With her entire body, if required. Because Lucinda was here to win.
By any means necessary.
JASON KAOKI STARED at the woman who’d appeared before him dressed in head-to-toe black like the goddamned Grim Reaper, right here on his island like the ghost of lives he didn’t want.
Lives he had outright rejected. Repeatedly.
“Are you going to stare at me all day?” he asked her, with the kind of lazy grin he liked to use on people who came at him in suits. “It’s an interesting sales pitch, I’ll give you that. Though I’m not sure it’s effective.”
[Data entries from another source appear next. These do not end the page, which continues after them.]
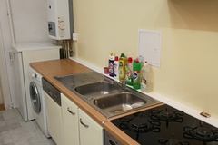 W kuchni 2 lodówki, dwie pralki, zmywarka, naczynia, garnki, sztućce.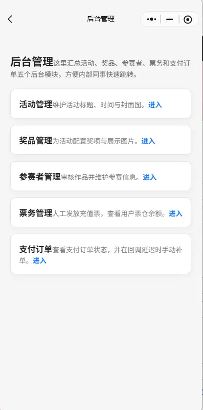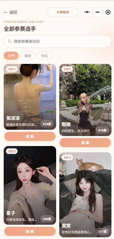 - 支持活动报名、作品展示、榜单评选、在线投票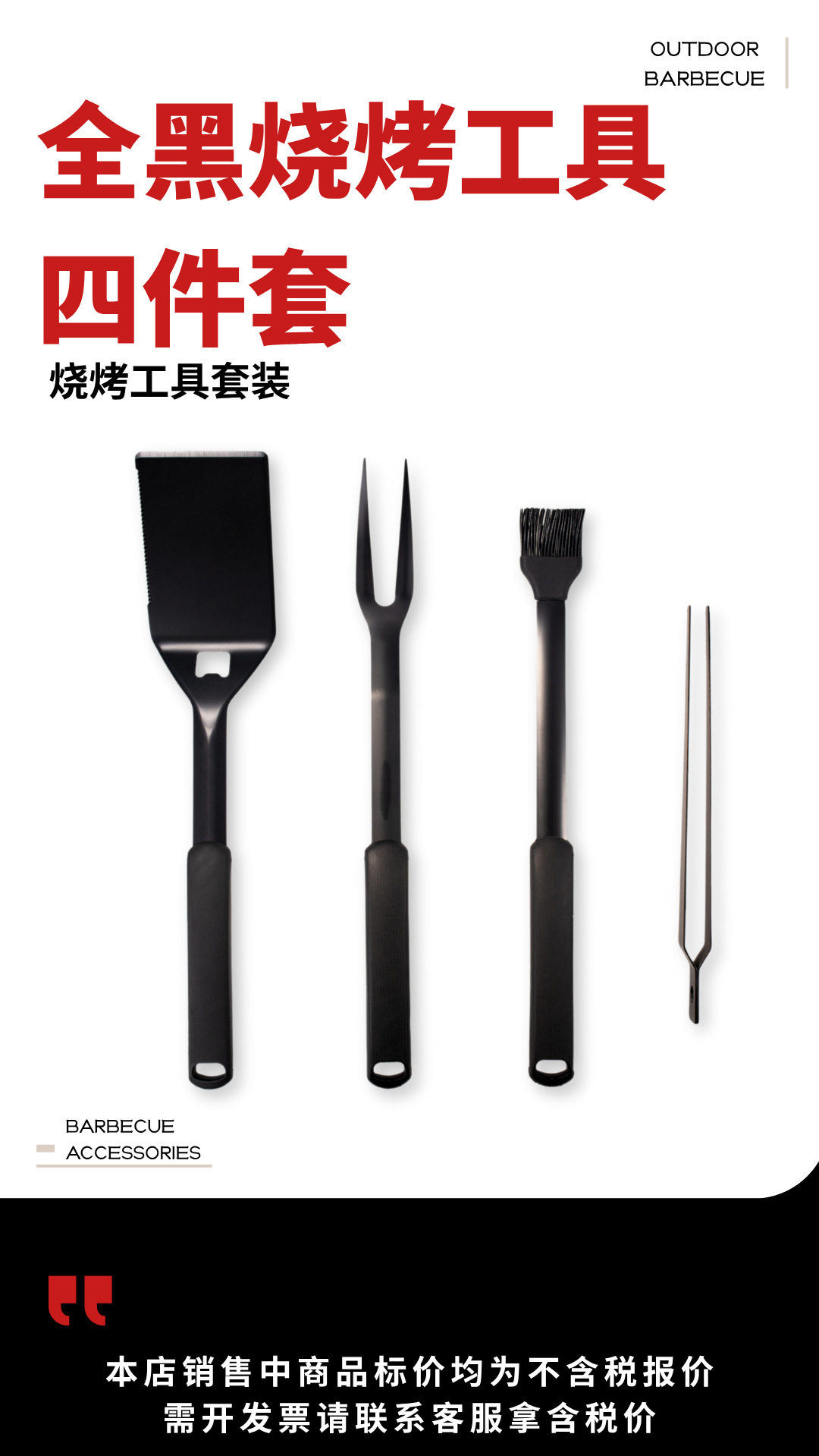 Cross-Border Amazon 4-Piece All-Black Family Bbq Grill Set for Home Outdoor Camping Barbecue Tool Combination Set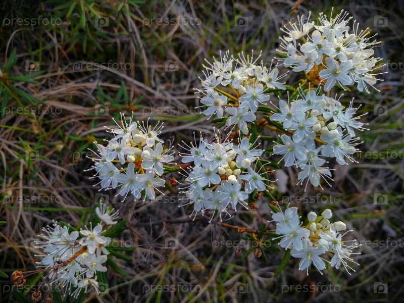 Маленькие белые соцветия кустарника багульника из семейства вересковых рода рододендронов, растущего в северной тундре. Летняя природа тундры. Уникальная полярная флора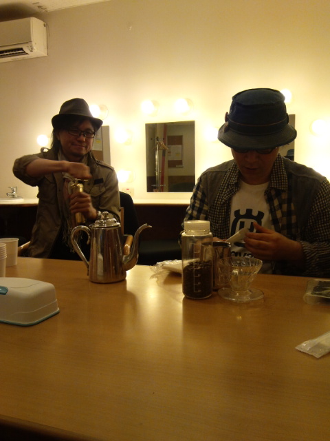 楽屋で?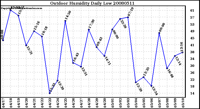 Milwaukee Weather -- 20080511 Outdoor Humidity Daily Low -- From curtronics.com by Curt Blank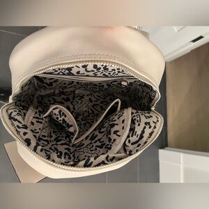 Small cream leather backpack inside pockets. Tiny spot on the front.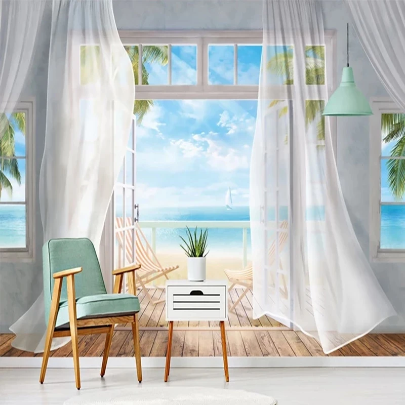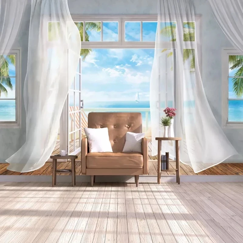 Самоклеящиеся 3D-обои на заказ, настенная роспись с изображением морского берега, балкона, гостиной, спальни, домашний декор, современная мода

His grin usually sent them running, alarm stamped all over their faces. Especially when he combined it with that tone.
Because Jason never tried too hard to hide his rougher edges.
But if he expected this newest suit to look stricken, or apologetic, or even faintly nervous like all the rest, he was disappointed. She left her little wheeling bag—also black—near the lobby doors and marched across the tile floor to settle herself against the low-slung couch opposite him. She sat as if she owned the place and him, too, which was definitely a bold approach. Then she crossed one decidedly well-formed leg over the other in that ridiculously tight skirt that belonged in an anonymous corporate office somewhere far to the north of here. She even folded her pale, slender hands in her lap, pious and prissy, and regarded him as if she was the one doing him a favor.
It should have put his teeth on edge, like all the teachers and social workers and coaches who’d tried and failed to civilize him always had. But this one was different from the parade of doughy accountant-types, each more arrogant than the last, who had traipsed out here and thought they could talk down to him.
For one thing, he had the feeling that if he could peel away all those laughably inappropriate black layers and see the woman beneath, she’d be hot. Sweet. A perfect snack for a man with a voracious appetite.